3. Why We Should Not Measure Productivity

  • Measuring productivity can warp incentives *9. On the other hand, managers can prevent warp those measurements. You can use code formatters before you measure LOC to erase unnecessary CR/LF. You can also define another metric like checklist density (items/LOC) to require additional unnecessary workload for unnecessary code. Isn’t it enough for such kind of problem?
  • Monitoring can unintentionally reduce the productivity of high-performance developers. On the other hand, can this monitoring be a help for low-performance developers? They can require more specific assistance according to their monitored behavior. From the perspective of six-sigma, it is a desirable change for a development team.
  • It is more likely that managers introduce a practice (or tool) that seems effective to improve productivity, and if a metric shows it does not affect, the managers will use another metric that proves their assumptions, or just move to the next practice. Whichever the result is positive or negative, they will eventually introduce that practice. The adoption of practices or tools seems to be driven by more specific needs, for example, reducing workload for degradation prevention.
  • Managers likely decide to adopt a practice (or tool) according to decision methodology like the Kepner-Trigoe method rather than "Richer data" that is hard to get. Should we stop such kind of decision methods?
  • Managers can report what was slowing developers down as your subjective report, but the report should be based on the data from their team. The report not based on the numbers could be ignored by their bosses, or leads a worse evaluation for the manager. At least, they have to show how does their performance improved by the adopted practice/tool with the numbers, due to the perspective of investment for education of the practice or the tool.
  • How can we connect qualitative data from developers and quantitative data about productivity?

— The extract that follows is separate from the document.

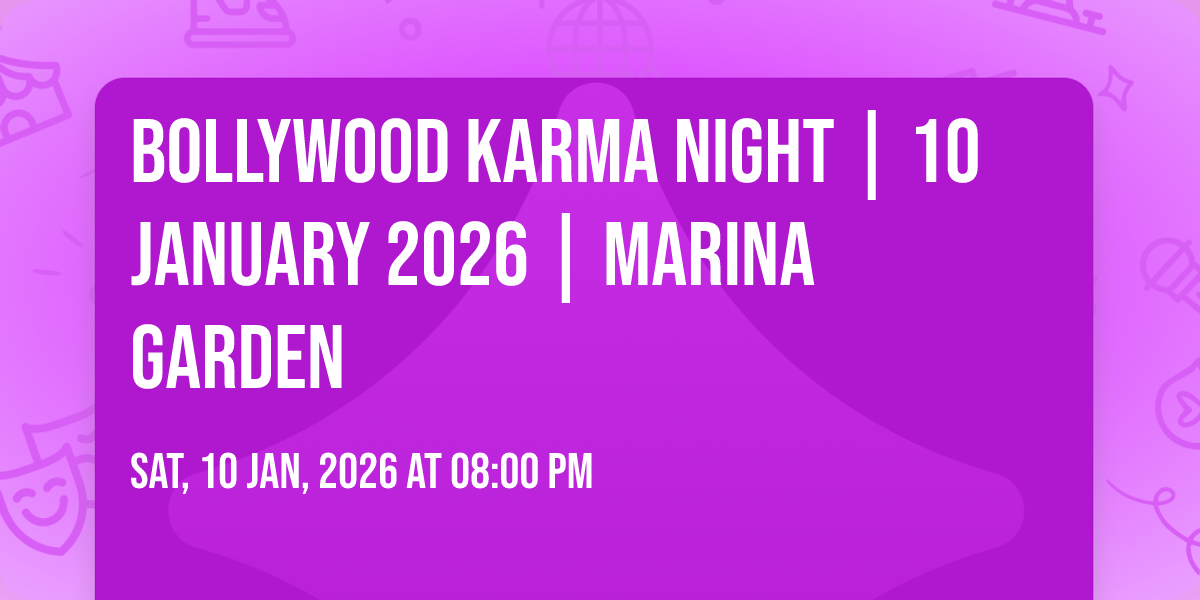 "image": "https://dyn-image.allevents.in/generate-image?v=4&title=%3F+BOLLYWOOD+KARMA+NIGHT+%3F+%7C+10+January+2026+%7C+Marina+Garden&date=Sat%2C+10+Jan%2C+2026+at+08%3A00+pm&bg=3",

Can all the developers provide qualitative data related to productivity? For this purpose, the qualitative data should explain the quantitative data. We usually use qualitative data to explain productivity reductions. This strategy looks work fine, because it doesn’t require the ability of self-explanation to the developers, and it gives a chance to excuse for the reduction.
  • How to observe productivity without measuring productivity in a quantitive way?

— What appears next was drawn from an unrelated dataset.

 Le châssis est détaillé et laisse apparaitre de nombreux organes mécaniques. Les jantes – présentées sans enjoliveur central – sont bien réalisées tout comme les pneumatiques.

*1:In this kind of application, the application architecture and business logic are likely to loosely coupled, so you can relatively easily choose or change the development companies.

*2:It means you cannot use velocity as the metrics.

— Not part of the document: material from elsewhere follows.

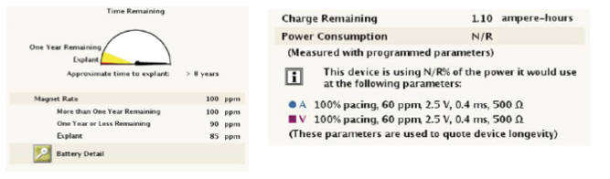 • Explantation (indicateur rouge) : la capacité restante de la batterie est suffisante pour stimuler pendant 3 mois à 100% dans les conditions actuelles, avec 1,5 heure de télémétrie sans fil.

*3:The right of dismissal is very limited in the Labor Laws of Japan. On the other hand, The right of redeployment is not limited: see https://www.slideshare.net/TokorotenNakayama/dxdevopstechlive (Japanese) p.62. Consequently, sometimes the redeployment is used as a tool to get rid of a developer, but it is nothing more than run-around.

*4:sometimes they called "key-punchers"

*5:sometimes they called "tester"

*6:Of course they use LOC along with defect rate or checklist density to measure quality.

*7:Toshihiro Kamiya, Shinji Kusumoto, and Katsuro Inoue, "CCFinder: A Multi-Linguistic Token-based Code Clone Detection System for Large Scale Source Code," IEEE Trans. Software Engineering, vol. 28, no. 7, pp. 654-670, (2002-7).

*8:AIST Framework target to the enterprise application in local municipalities.

*9:For example, if managers measure productivity by LOC, developers will insert unnecessary CR/LFs or logics.